According to the ‘4th Basic Plan for Emergency Medical Care’ (2023?2027) announced by the Ministry of Health and Welfare on the 21st, the plan first aims to expand the critically ill emergency medical centers, which are absolutely insufficient, and strengthen the institutional foundation so that intensive care units and operating rooms, which are general treatment facilities of medical institutions, can be prioritized for emergency patients. For example, the government plans to create a new management fee for emergency patient admission rooms and pay hospitals opportunity costs through additional fees for intensive care units dedicated to emergency patients.


Currently, the system of regional emergency medical centers, local emergency medical centers, and local emergency medical institutions will be reorganized according to the condition of emergency patients (critical, moderate, mild). This is because there have been criticisms that the roles among these institutions have been ambiguous. At a public hearing last month, the new names for the institutions under the revised delivery system were introduced as critically ill emergency medical centers, emergency medical centers, and 24-hour treatment centers, but these were considered not intuitive and have been tentatively put on hold. Additionally, the government plans to gradually revise the designation criteria for emergency medical institutions, which currently focus on diagnosis and emergency treatment within emergency rooms, to include capabilities for follow-up treatments such as surgery and hospitalization.

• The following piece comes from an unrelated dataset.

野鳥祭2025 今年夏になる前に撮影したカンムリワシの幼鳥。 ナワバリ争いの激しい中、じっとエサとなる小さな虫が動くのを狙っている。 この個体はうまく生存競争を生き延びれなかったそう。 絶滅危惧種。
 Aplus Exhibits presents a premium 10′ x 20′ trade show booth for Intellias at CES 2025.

A government official stated, “The functions, designation criteria, names, and compensation plans of the reorganized delivery system will be prepared through consultative bodies and research involving stakeholders and experts.”

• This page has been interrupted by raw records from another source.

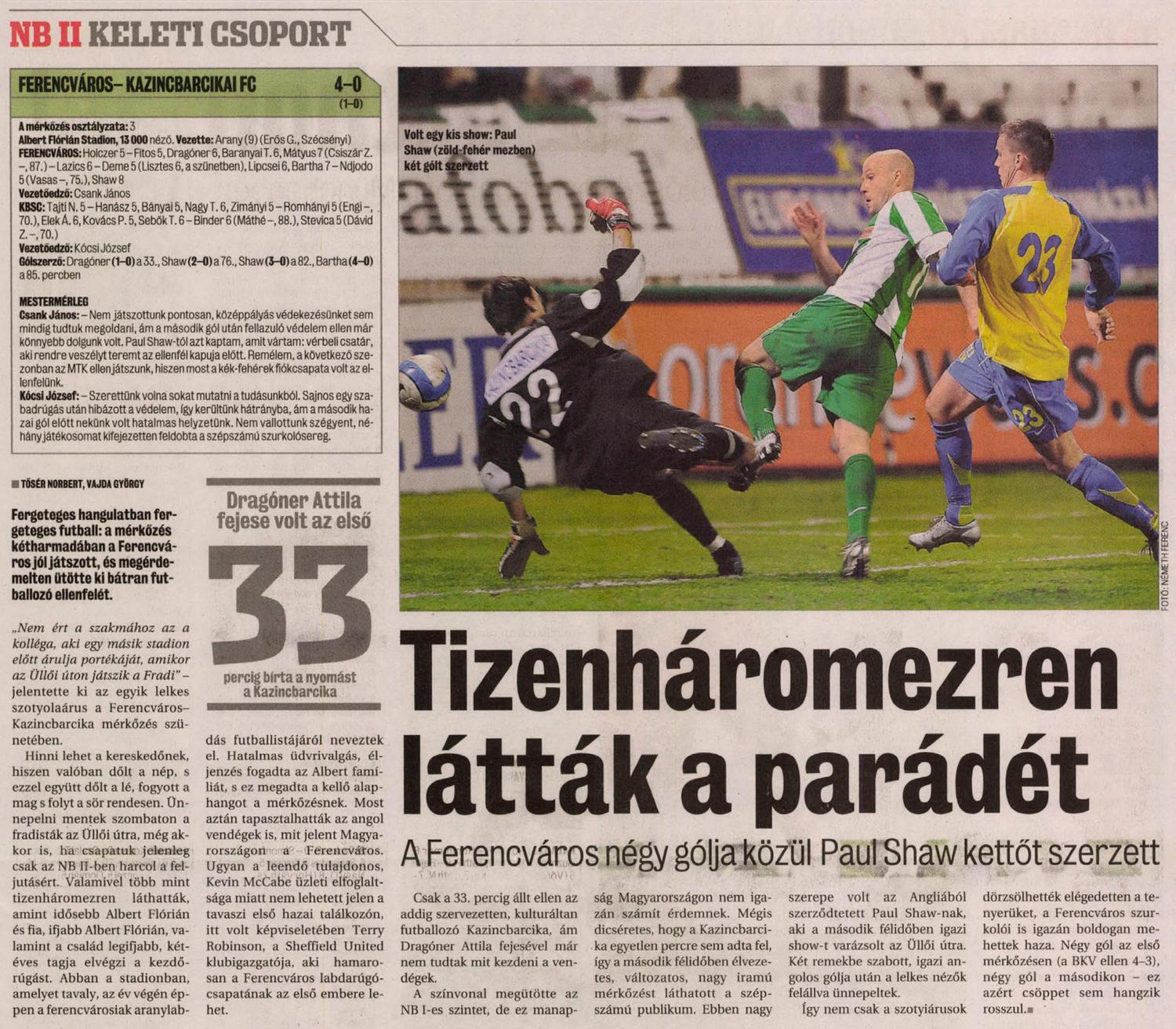 ftc.hu: Csapatunk 4-0-ra verte a Kazincbarcikát. Kiváló hangulatú meccsen, 12 ezer néző előtt sikerrel köszöntöttük az Albert-stadiont. Góljainkat Dragóner, Shaw és Bartha szerezték.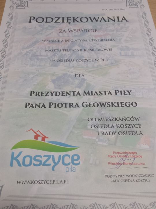 Prezydent przypomniał gościom, że wobec narastającego konfliktu pomiędzy Inwestorem, mieszkańcami oraz defensywnej postawy Starostwa Powiatowego, które było organem właściwym w zakresie wydania pozwolenia i budowy przez Polkomtel stacji bazowej telefonii komórkowej na Osiedlu Koszyce włączył się w proces, negocjując z Inwestorem rozwiązania alternatywne. Od kwietnia 2015 roku Urząd Miasta Piły kilka razy podejmował inicjatywy mające na celu pogodzenie interesów mieszkańców i Inwestora.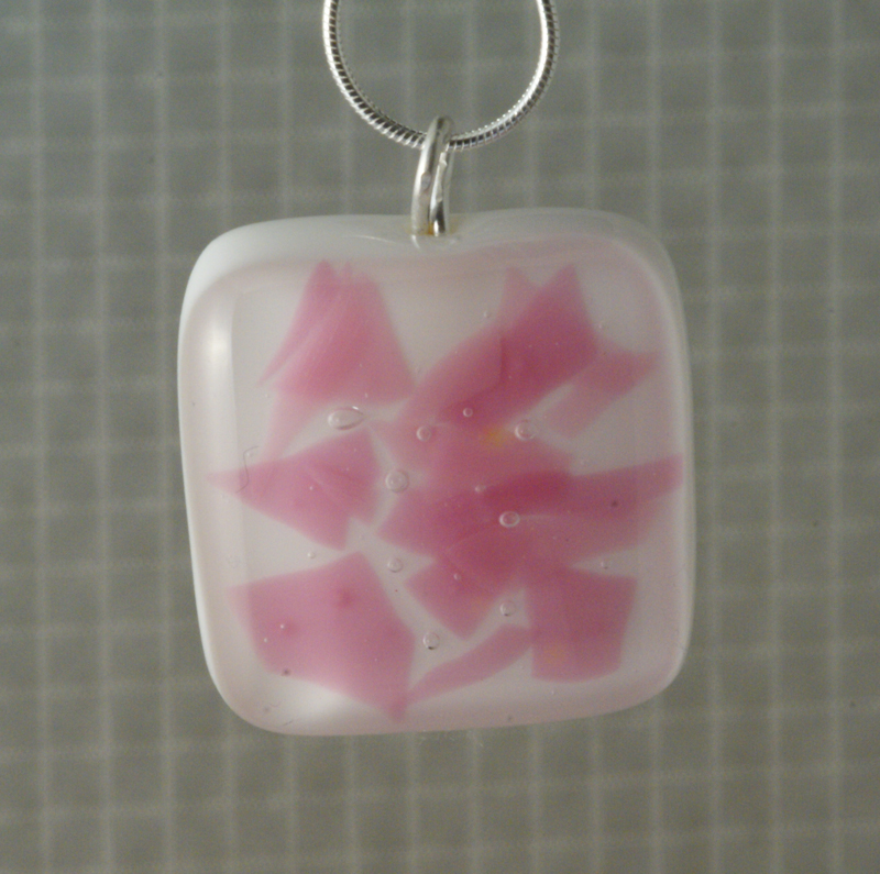 The original pendant I made for her used one of the free samples of dichroic glass which WarmGlass send with their packages of glass. In the light it flashed purple/pink and looked lovely on the white glass - however this effect almost disappeared in daylight after firing. Whilst it would make a great pendant for a bridesmaid, for a girl who liked 'pink' I didn't feel that it would make the grade - hence the previous pendant.

Without medical staff who handle emergency diseases, everything becomes futile. The government plans to improve the structure so that excellent personnel can be continuously secured by providing on-duty compensation for final treatment personnel of critically ill emergency diseases and ensuring that the income generated from emergency medical care is distributed to the medical staff themselves. Various measures are being considered to address the irregular and demanding working hours of medical staff handling emergency diseases.


For critically ill emergency diseases that are difficult for individual medical institutions to respond to 24/7, a regionally comprehensive response system will be established through a hospital cooperation network. Based on emergency medical resource surveys by local governments, a 365-day rotation on-call system (day-of-week duty hospital system) among hospitals within the region will be operated. For example, if Hospital A is responsible for the final treatment of a critically ill emergency disease on Monday, Hospital B will take the duty on Tuesday to prevent any gaps in coverage. In vulnerable areas with a shortage of medical staff, emergency medical models will be developed and supported through pilot projects for rotating and dispatching medical personnel to these areas.

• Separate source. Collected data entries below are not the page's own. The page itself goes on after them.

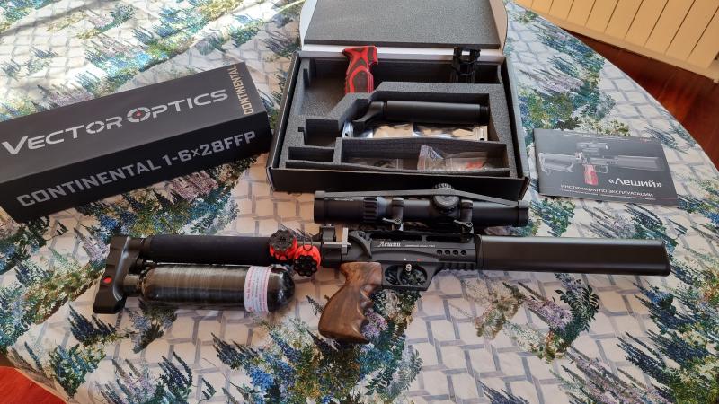 Edgun Leshiy 2 cal .25 cañon 350 mm, plenum largo, botella carbono 350 cc, grip en madera de nogal y moderador interno de 6 baffles. Comprada en Noviembre 2020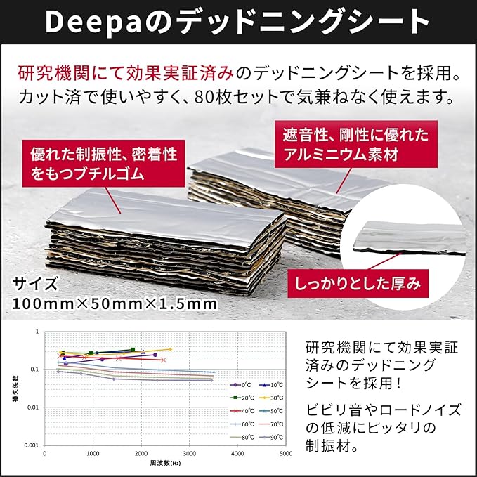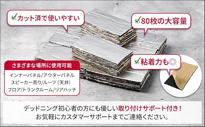 【Deepa Ribusu】デッドニングシート 制振材 80枚 カット済み デッドニング 遮音シート 防音シート 吸音材 防振 制震材 車 カーオーディオ 遮音材 (80枚)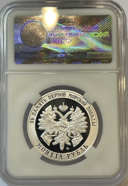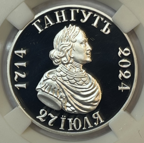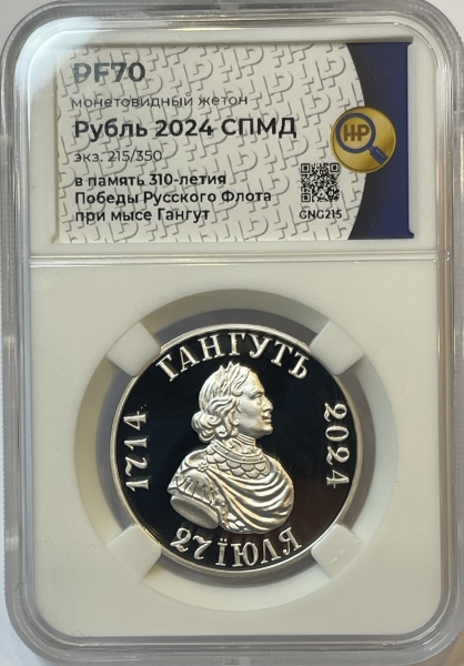 Монетовидный жетон рубль 2024г., В память 310-летия Победы Русского флота при мысе Гангут, Тираж 350 шт, в слабе ННР PROOF 70

Furthermore, the scope of work for emergency medical technicians during the transport phase will be expanded to provide necessary treatment during transport. For instance, in cases where a patient calls 119 for chest pain, under current law, paramedics who cannot perform electrocardiogram (ECG) measurements must first transport the patient to the nearest hospital. The plan is to allow emergency medical technicians to assess patient symptoms through ECG measurements inside the ambulance.


Under this emergency medical basic plan, the government has set a goal to reduce the in-hospital mortality rate of critically ill emergency patients from the current 6.2% to 5.6% by 2027. The preventable trauma mortality rate is also planned to be reduced from 15.2% (as of 2019) to 10%.